LANGIT7.ID, Jakarta - Ketua Lembaga Kajian dan Pengembangan Sumber Daya Manusia NU (Lakpesdam NU) Pontianak, Budiyono, menilai pendidikan berbasis implementasi merupakan solusi pembelajaran di masa pandemi.
Budiyono lalu menyampaikan solusi transformasi pendidikan. Pertama, perlu pengembangan kurikulum secara kontekstual. Dalam hal ini, harus ada pendekaan filsafat pendidikan yakni pendekatan filsafat naturalis, siswa belajar dengan alam dan lingkungannya.
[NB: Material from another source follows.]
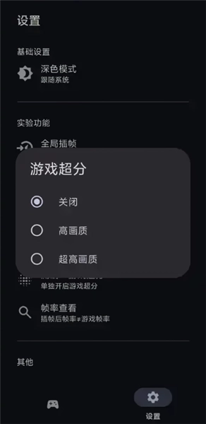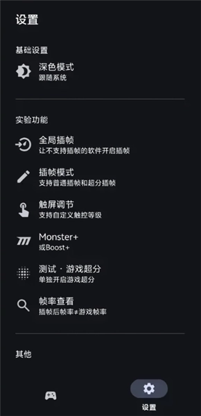 2、导入游戏后选择合适的功能,比如说:全局插帧、插帧模式、触屏调节、Monster+、测试游戏超分、帧率查看等

Kedua, pembelajaran berbasis sosio kultural. Pembelajaran ini membuat siswa belajar langsung dengan kehidupan nyata di lingkungan masyarakat berdasarkan pada kurikulum pelajaran yang ada, sehingga pembelajaran siswa tidak kaku.
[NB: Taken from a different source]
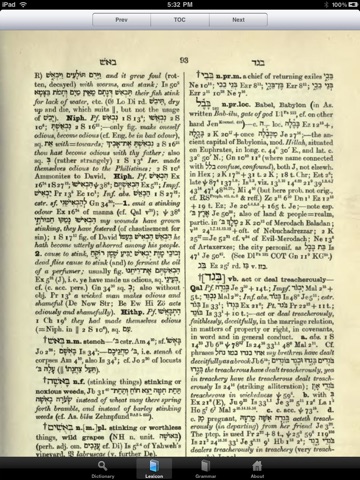 2. Lexicon: The Brown-Driver-Briggs (BDB) Hebrew Lexicon is probably the most commonly used Biblical Hebrew Lexicon. A complete copy of this lexicon is accessible from within the application. In additon, individual pages can be displayed via the Dictionary word lookup functionality.
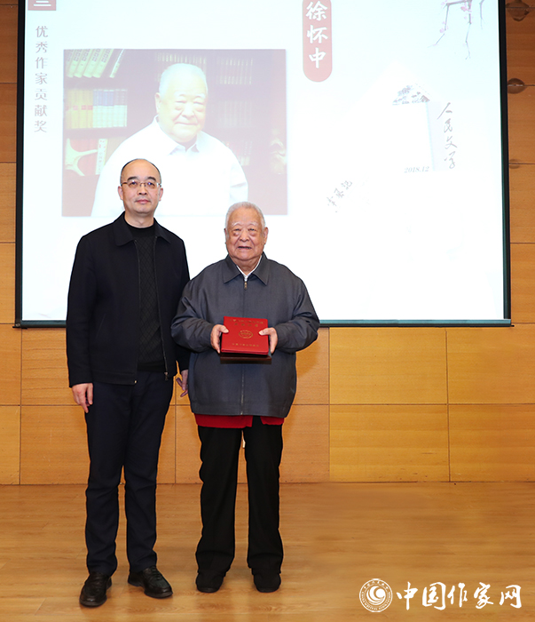 程紹武為優(yōu)秀作家貢獻(xiàn)獎(jiǎng)獲得者徐劍頒獎(jiǎng)

Ketiga, implementasi dalam seluruh aspek kehidupan siswa. Pembelajaran ini menjadikan tenaga pendidik dan orang tua mengajarkan siswa menghormati orang tua, seperti ketika ingin pergi bermain meminta izin terlebih dahulu. Dengan demikian, orang tua tidak perlu melihat teori-teori.
Keempat, pembelajaran berbasis social responsibility. Pembelajaran model ini termasuk ke dalam aksi kemanusiaan. Siswa bisa terjung ke lapangan agar bisa bersinggungan langsung dengan kehidupan masyarakat saat ini.
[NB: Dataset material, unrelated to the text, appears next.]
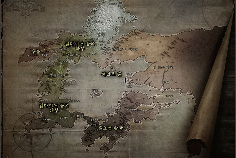 스토리의 큰 축이 되는 땅은 데 로스 제국, 벨마이어 공국, 슈주입니다. 흑요정 왕국과 반투 또한 배경과 스토리에서 큰 비중은 아니지만 특정 레벨대에서 저 곳에 위치한 던전을 돌게 됩니다. 잊혀진땅은 중요할것같은 위치에 있으나 아무 비중이 없습니다...

“Contohnya, siswa perlu mengikuti kegiatan di masyarakat, ketika kerja bakti, atau pelaksanaan fardhu kifayah, sehingga siswa praktik langsung dan tidak bosan. Inilah solusi berdasarakan presepektif saya dengan basis impelementasi,” kata Budiyono, dikutip dari lama resmi NU, Sabtu (14/8/2021).
Budiyono tidak memungkiri jika pembelajaran berbasis teknologi sangat penting saat ini. Maka dari itu, pendidik harus memanfaatan teknologi informasi dalam mendesain model pembelajaran berbasis daring. Pendidik harus beradaptasi dengan teknologi informasi dan komunikasi (TIK). Itu satu hal mutlak. Dalam hal ini, perlu pembiasaan membuat TIK menjadi fungsional dalam pembelajaran.
“Kita sebagai dosen atau guru tentu mendesain pembelajaran daring berbeda dengan ketika tatap muka, bagaimana mengolah pola komunikasi yang sangat berbeda, maka butuh kecermatan sebagai pendidik dalam mendesain pola pembelajaran yang tepat,” kata Budiyono.